Что до Пелагии, то, соглашаясь с Бердичевским
относительно нецелесообразности архиерейской инспекции, монахиня не видела
резона и в откомандировании на острова светского человека, который, во-первых,
может не понять всей тонкости монастырского быта и монашеской психологии, а
во-вторых… Нет, лучше уж привести этот второй аргумент дословно, чтобы он
целиком остался на совести полемистки.
– В вопросах, касающихся непостижимых явлений
и душевного трепета, мужчины слишком прямолинейны, – заявила Пелагия, быстро
пощелкивая спицами – после третьего стакана чаю она, испросив у владыки
позволения, достала вязанье. – Мужчины нелюбопытны ко всему, что им
представляется неважным, а в неважном подчас таится самое существенное. Где
нужно что-нибудь построить, а еще лучше сломать – там мужчинам равных нет. Если
же нужно проявить терпение, понимание, а возможно, и сострадание, то лучше
доверить дело женщине.
– Так женщина при виде призрака сразу в
обморок бухнется или того пуще истерику закатит, – поддразнил инокиню архиерей.

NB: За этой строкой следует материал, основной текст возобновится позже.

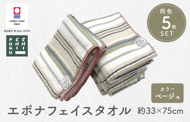 オーガニックコットンを使用した、軽量で乾きやすいタオル。 (今治タオルブランド認定品) エポナ フェイスタオル 5枚セット ベージュ [I002740FT5BE]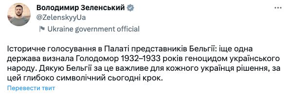 Бельгійський федеральний парламент визнав сьогодні Голодомор геноцидом українського народу: 117 за, 0 проти, та 10 утримались.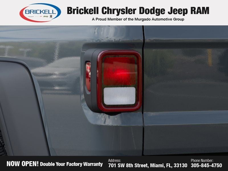 Price includes: $500 - 2026 National 2026 Military Bonus Cash . Exp. 01/04/2027 Discover Your Next Vehicle at Brickell Chrysler Dodge Jeep Ram Welcome to Brickell CDJR, where we go beyond selling cars. We double the factory powertrain warranty, giving you added peace of mind. Our dealership offers one of the largest new car inventories in the region, ensuring you find the right vehicle Prices displayed do not included our Perma-plate. Our state-of-the-art service department is the largest in the country and is open seven days a week from 7 AM to 9 PM. Visit us at 701 SW 8th St, Miami, FL 33130, or call 305-777-2800 to learn more and schedule a test drive. The displayed price includes an incentive for financing with Brickell CDJR Finance Company. Outside financing and bank drafts are not accepted. All pre-owned vehicle exports are subject to an export fee. Prices apply only to customers who live, work, or worship in Broward, Miami-Dade, Palm Beach, Monroe, Collier, Hendry, Lee, Glades, Martin, St. Lucie, Okeechobee, Manatee, Hillsborough, Osceola, or Orange County. Customers outside these counties will pay an additional $ Taxes, title, registration, and dealer fees apply. Factory MSRP: $44,040 anvil clearcoat 2026 Jeep Gladiator Sport 4WD 8-Speed Automatic 3.6L V6 24V VVT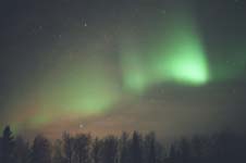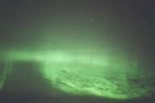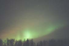 24時00分。ぼんやりとした緑色の光が見えた。それは急激に成長しはじめた。 右の方の空にも、同じような光。 来るか? そう思った瞬間。 2つの光が、鮮やかに波打って広がり、繋がった。 僕は夢中でシャッターを開けた。 1、2、3、4、5! 5秒カウントし、シャッターを閉じる。 揺らめいている。光り輝いている。 強い光のかたまりが左から右へすらりと飛び移る。 1、2、3、4、5! 5秒カウントし、シャッターを閉じる。 ふっ、っと、オーロラは消えた。あっという間の出来事だった。 僕は全身の毛が逆立つのを感じながら、カメラをのぞき込み、フィルムを確認した。あと何枚ある?だいじょうぶ、まだ十分残っている。レンズも曇っていない。三脚もしっかり固定してある。

– И не выйдет никакого толку.
Пелагия посмотрела на поползший вкривь и вкось
ряд, вздохнула, но распускать не стала – пусть уж будет, как будет.

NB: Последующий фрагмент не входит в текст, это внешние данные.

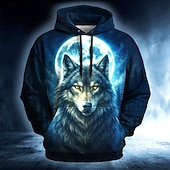 More information about Men's Moon Wolf 3D Hoodie Sweatshirt Cool Daily Crew Neck Club Streetwear Blue Purple Drawstring Fall Winter Designer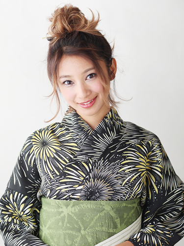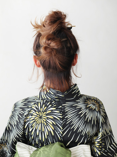 まるで頭のてっぺんに曼珠沙華(まんじゅしゃげ)の花が咲いたかのような華やかなアレンジ。一見おだんごを作っているように見えますが、実はゴムで2カ所を留めただけという簡単かつ技ありのスタイルです。艶っぽい印象に偏りすぎないよう、おでこを出しヘルシーさを加えることで、大人の余裕が生まれます。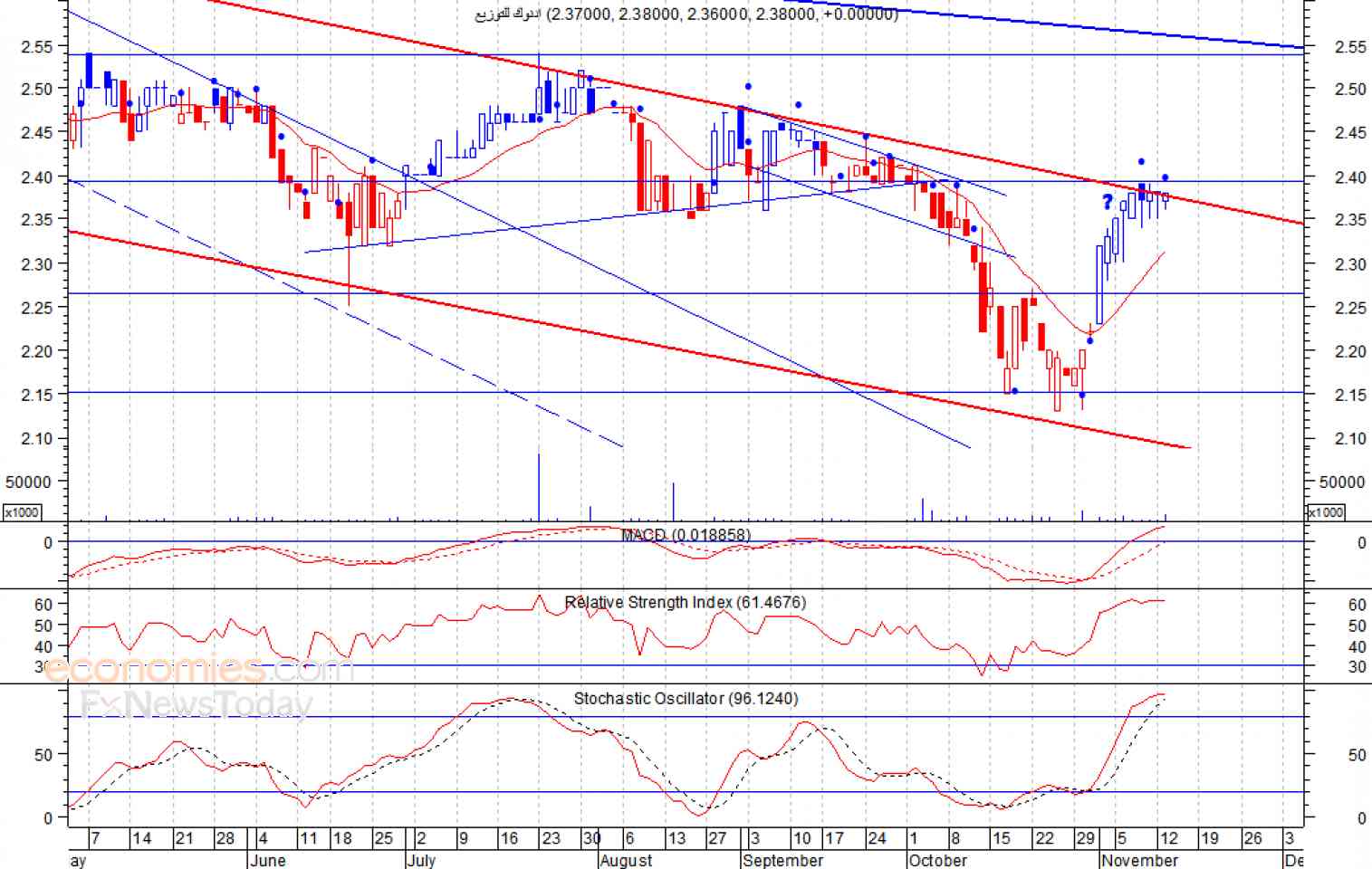 ومن المتوقع ان يكون النطاق السعري خلال جلسة اليوم بين مستوى الدعم وهو 2.36 وبين مستوى المقاومة هو 2.39 درهم

– Нипочем женщина в обморок не упадет и
истерики не устроит, если рядом мужчин нет, – сказала она. – Женские обмороки,
истерики и плаксивость – это все мужские выдумки. Вам хочется нас слабыми да
беспомощными представлять, вот мы под вас и подстраиваемся. Для дела было бы
лучше всего, если б вы, отче, благословили дать мне отпуск недельки на две, на
три. Я бы съездила на Ханаан, поклонилась тамошним святыням, а заодно и
посмотрела, что за призрак у них там витает над водами. В училище же с моими
девочками пока позанимались бы сестра Аполлинария и сестра Амвросия. Одна
гимнастикой, другая литературой, и всё отлично бы устроилось…
– Не выйдет, – с видимым удовольствием прервал
мечтания духовной дочери преосвященный. – Или ты забыла, Пелагитешка, что на
Арарат монахиням хода нет?
И этим инокине сразу рот закрыл.
В самом деле, по суровому ново-араратскому
уставу черницам и послушницам путь на острова был заказан. Постановление это
древнее, трехсотлетней давности, но и поныне исполнялось неукоснительно.
Так было не всегда. В старину на Ханаане рядом
с мужским монастырем располагалась и женская обитель, только от этого соседства
стали происходить всякие соблазны и непотребства, поэтому, когда патриарх
Никон, радея о восстановлении чести иноческого сословия, повсеместно устрожил
монастырские уставы, Ново-Араратскую женскую обитель упразднили и монахиням на
Синем озере появляться запретили. Мирянкам на богомолие можно, и многие ездили,
а Христовым невестам – невестам – нельзя, для них другие святыни есть.
Пелагия, кажется, хотела что-то возразить
Митрофанию, но, взглянув на Бердичевского, промолчала. Таким образом дискуссия
о Черном Монахе, затеянная триумвиратом умнейших людей Заволжской губернии,
зашла в тупик.
Разрешил затруднение, как обычно и случалось в
подобных случаях, преосвященный Митрофаний – во всегдашней своей парадоксальной
манере. У владыки была целая теория о полезности парадоксов, которые имеют
свойство опрокидывать слишком уж громоздкие построения человеческого разума,
тем самым открывая неожиданные и подчас более короткие пути к решению
проблематических задач. Архиерей любил взять и огорошить собеседника
какой-нибудь неожиданной фразой или невообразимым решением, предварительно
приняв вид самой мудрой и строгой сосредоточенности.
Вот и теперь, когда доводы были исчерпаны, не
приведя ни к какому выводу, и наступило удрученное молчание, владыка нахмурил
белый, в три вертикальные морщины лоб, смежил веки и стал перебирать сандаловые
четки своими замечательно белыми и ухоженными пальцами (к рукам Митрофаний
относился с подчеркнутой заботливостью и почти никогда не появлялся вне
помещения без шелковых перчаток, объясняя это тем, что духовное лицо,
прикасающееся к Святым Дарам, должно наблюдать руки как можно уважительней).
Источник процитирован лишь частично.